Но пистолет не выстрелил.
Джонстон открыл глаза, и в них был такой ужас, какого Мэтью не видел и не хотел бы увидеть снова. Джонстон вытащил пистолет изо рта. Что-то еще тихо стрекотало внутри оружия. Струйки синеватого дыма вились вокруг лица Джонстона, уставившегося в дуло. Прыгнула еще одна искорка — яркая, как золотая монета.

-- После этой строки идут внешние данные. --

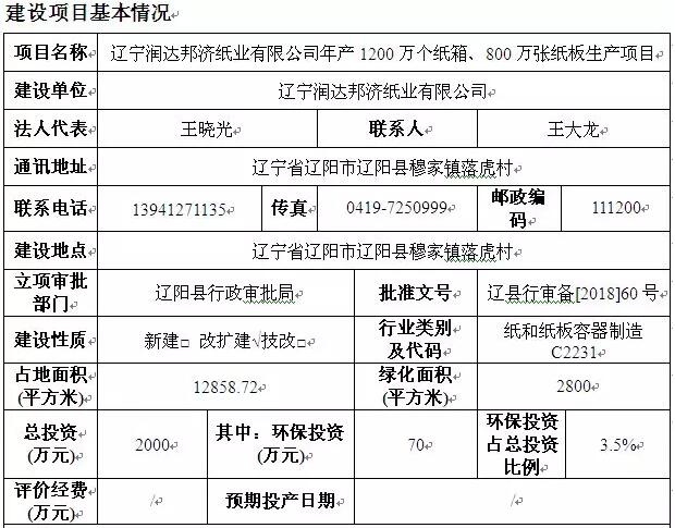 遼寧潤達邦濟紙業(yè)有限公司位于遼寧省遼陽市遼陽縣穆家鎮(zhèn)落虎村。公司主營業(yè)務為紙制品制造;紙制品剪切加工;包裝裝潢印刷等。 該公司于2018年實施紙箱生產(chǎn)項目,項目占地面積約12858.72m2,建筑面積約11480m2;設(shè)有生產(chǎn)線1條,年產(chǎn)紙箱400萬個。由于當時紙箱生產(chǎn)工藝簡單,不涉及化學處理工藝,因此該項目環(huán)評類別為登記表。企業(yè)于2018年10月10日填報了遼寧潤達邦濟紙業(yè)有限公司紙箱生產(chǎn)項目環(huán)境影響登記表,并登記備案,備案文號201821102100000039號。
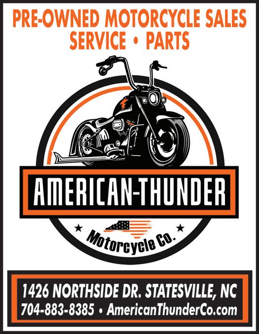The Carolinas’ Full Throttle P.O. Box 2294 Jamestown NC 27282 (336) 885-5400 • Fax (336) 833-6794 Editor@FullThrottleMagazine.com www.FullThrottleMagazine.com The Carolinas’ Full Throttle Magazine 2023 is published monthly and no reproduction of any content is permitted except by prior express written approval of Molly A. Infield, Publisher, Editor, & CEO. Publisher assumes no financial responsibility for errors in ads beyond the cost of space occupied by error. Publisher is not liable for: any slandering of an individual or group, as we mean no malice or individual criticism at any time. We are not responsible for the opinions or comments of our columnists. The advertisers are solely responsible for content of their ads, promises, and coupons, or any lack of fulfillment thereof. Publisher is also to be held harmless from: failure to produce any issue as scheduled due to reasons beyond control; all suits, claims or loss of expenses; including but is not limited to: suits for libel, plagiarism, copyright infringement, and unauthorized use of a person’s name or photograph. Publisher does not promote excessive consumption of alcoholic beverages.
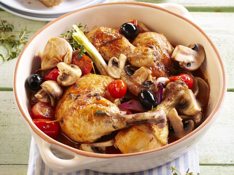 Odstranite pokrov in mesu dodajte prepolovljene paradižnike, čebulo, gobe in olive. Vse skupaj pecite še 15 minut. Postrezite z belim kruhom.

Пистолет грохнул, как деревянным молотом по доске.
Голова Джонстона качнулась назад. В широко открытых глазах стояла влага, их переполняло потрясение. Мэтью увидел кровь и красновато-серые комочки, прилипшие к стене за спиной Джонстона. Карта бидвелловского Фаунт-Рояла тут же оказалась залита кровью и залеплена мозгом.
Джонстон упал, колени у него подогнулись. В конце, в миг перед тем, как рухнуть на пол, он будто отдал последний, надменный поклон.
Потом голова его упала на половицы, и из рваной дыры на затылке, прямо напротив едва ли более аккуратной дыры во лбу, потекла физическая материя, несущая память трагика, интриги, актерский талант, разум, гордость, страх тюрьмы, желания, зло и…
Да, и даже страсть к учительству. Даже это. И все превратилось просто в лужу какой-то жидкости.
Глава 20
Вдали брехала собака — одинокий, ищущий звук. Мэтью оглядел темнеющий город из окна комнаты магистрата и подумал: даже собаки знают, что Фаунт-Роялу конец.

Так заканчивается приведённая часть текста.